Solar_Energy2 = dict(x=years,y=annual020['Solar Power'],name='Solar Power',hoverinfo='x+y',
    mode='lines',line=dict(width=0.5,color=colsolpower),stackgroup='one')

Solar_Thermal2 = dict(x=years,y=annual020['Solar Thermal'], name='Solar Thermal',hoverinfo='x+y',
    mode='lines',line=dict(width=0.5,color=colsoltherm),stackgroup='one')

data31 = [Natural_Gas2, Electricity2, District_Energy2,Solar_Energy2,Solar_Thermal2]

layout31 = go.Layout(title = 'The City of Calgary\'s Annual Energy Consumption Per Capita',
                    xaxis = dict(title = 'Year'),
                    yaxis = dict(title = 'Total Consumption (kWh)'), 
                      width= wid, height = hei, margin=go.Margin(l=mar,r=mar,b=mar,t=mar, pad=4))


fig31 = dict(data=data31, layout = layout31)
py.iplot(fig31)

## 2. How do heat and electricity consumption change over a year?


Summary of the following plots:

2a) Violin plot to show the distribution of heating consumption averaged over the years (2009-2018), then over all the facilities

2b) The distributions were so compressed at the bottom, we separated the facilities according to their average monthly heating consumption. With the bottom cutoff of 2GWh, there were 33 high heat consuming facilities.  With the top cutoff of 1 GWh, there were 382 low heat consuming facilities.

2c and d) We made the same plots for electricity consumption, with different cutoffs for the high and low consumers.

<br>
We saw big variation between the different months for both heating and electricity, with high consumption during the winter and low consumption during the summer. For the low electricity consuming units, this monthly variation was absent, or at least it did not follow the previous patterns.

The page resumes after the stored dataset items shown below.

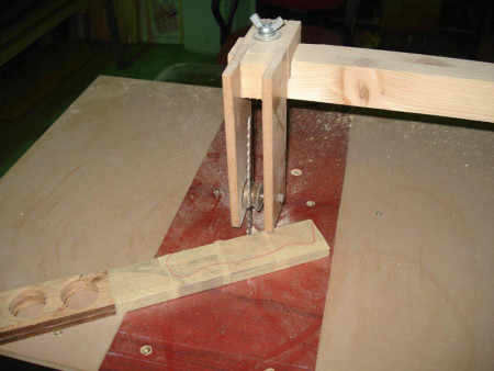 Slika 4: Sada već počinjemo sa teškom artiljerijom. Utvari to je naopako okrenuta ubodna testera a cijela konstrukcija koja je podržava je napravljena po uzoru na jednu iz ShopNotes magazina.Pošto se radi o unikatnoj skalameriji – ovaj dio rezanja moram prepustiti vašoj sopstvenoj artiljeriji i dovitljivosti. Dakle, svako za sebe do sledećeg koraka.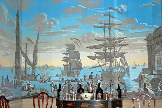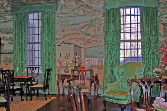 The wall coverings in this room are painted screens from late 1700s China, while the furniture is Chippendale-style with Oriental ornamentation as was popular among wealthy Westerners of that era. The scenes depict Chinese village life and are non-repeating; the areas above doors and windows were painted to match, so as not to miss any of the scenes, and that paint has darkened more than the screens, so that it's easy to tell what was added. This was used as a game parlor -- note the card table in the back left -- and had shelves of gorgeous Asian porcelain vases.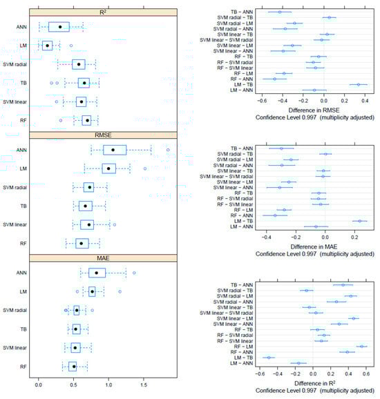 Unlike the RMSE, the higher the R2 (0 < R2 < 1), the better the performance for the compared models. The metrics were chosen for their complementary strengths—R2 to measure variance explained and overall fit, RMSE to penalize large errors, and MAE to provide a robust average error—thus ensuring a balanced evaluation of the model’s predictive performance.
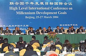 这次会议由中国政府与联合国系统驻华机构联合举办。来自联合国、政府、国际组织、私营企业、学术机构、非政府组织等方面的代表,就贫困、发展与平等、健康卫生、可持续性以及地区和全球合作等议题展开广泛探讨。联合国驻华机构在今天上午的会议上发布了《千年发展目标中国实施情况报告》。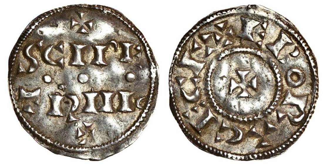 Viking Kingdom of York, c.895-920, St Peter, phase I, ‘Swordless,’ c.905-10, Penny, 1.34g., SC PE/TRI II, divided by three pellets, cross above and below, rev. +EBORACE CIV, small cross (N.551; S.1006), lightly crimped, good very fine, a good example of this issue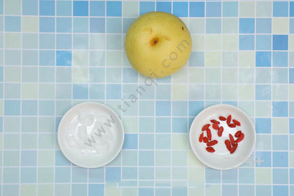 1、首先准备好冰糖、雪梨、枸杞等食材;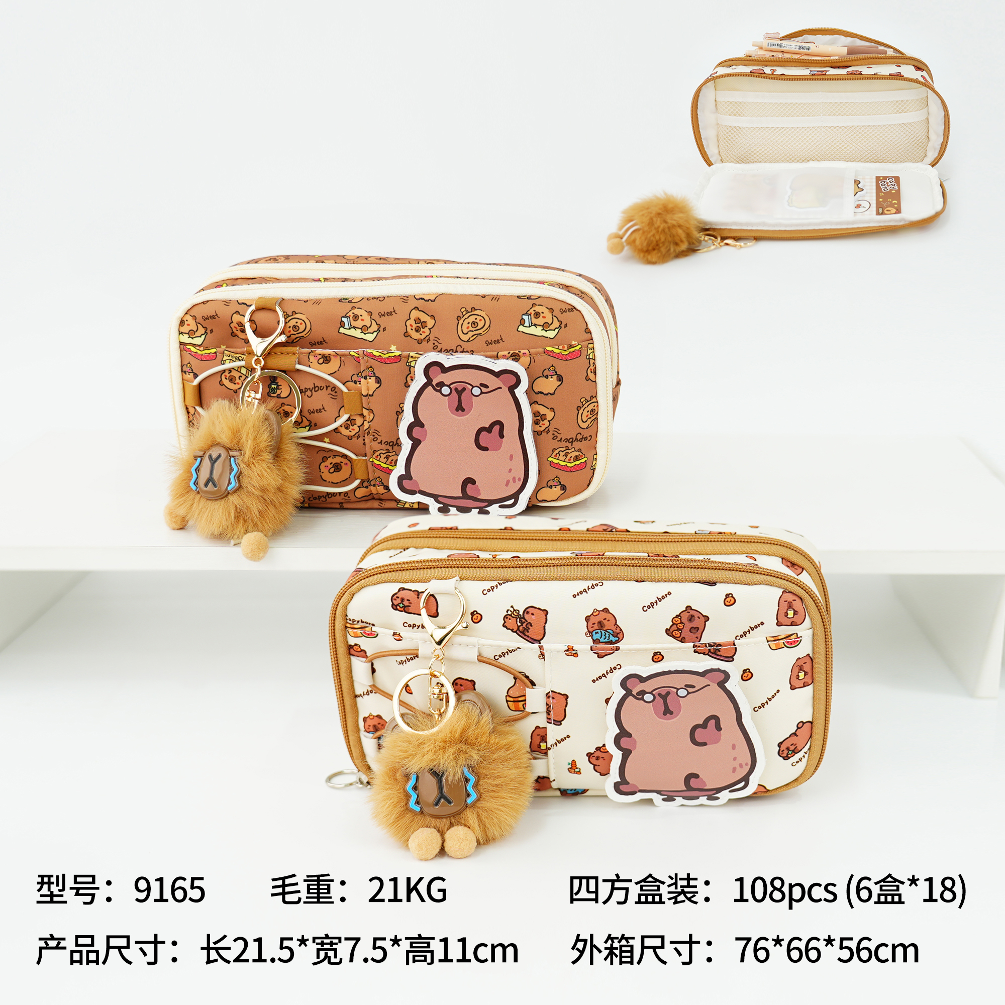 double-layer capabala flip pencil case creative cartoon junior high school boys and girls stationery case large capacity stain-resistant pencil bag 中文版

This is because they're probably little electricity consuming units that work year-round.



In [8]:
# Separate heat and electricity 
# HEAT
heat030 = energy002[(energy002['Energy Description'] == 'Natural Gas') | (energy002['Energy Description'] == 'Solar Thermal') | (energy002['Energy Description'] == 'District Energy')]

# ELECTRICITY
elec030 = energy002[(energy002['Energy Description'] == 'Electricity') | (energy002['Energy Description'] == 'Solar Power')]

In [9]:
# 2A) Heat
# select columns
heatmonth100 = heat030[['FacilityName', 'Month', 'Total Consumption']]

# group values
heatmonth101 = heatmonth100.groupby(['FacilityName', 'Month']).sum()

# Move month index to columns
heatmonth101 = heatmonth101.unstack(1)

# drop NaN's and 0's
heatmonth102 = heatmonth101[pd.notnull(heatmonth101['Total Consumption'])]
heatmonth102 = heatmonth102[heatmonth102['Total Consumption'] != 0]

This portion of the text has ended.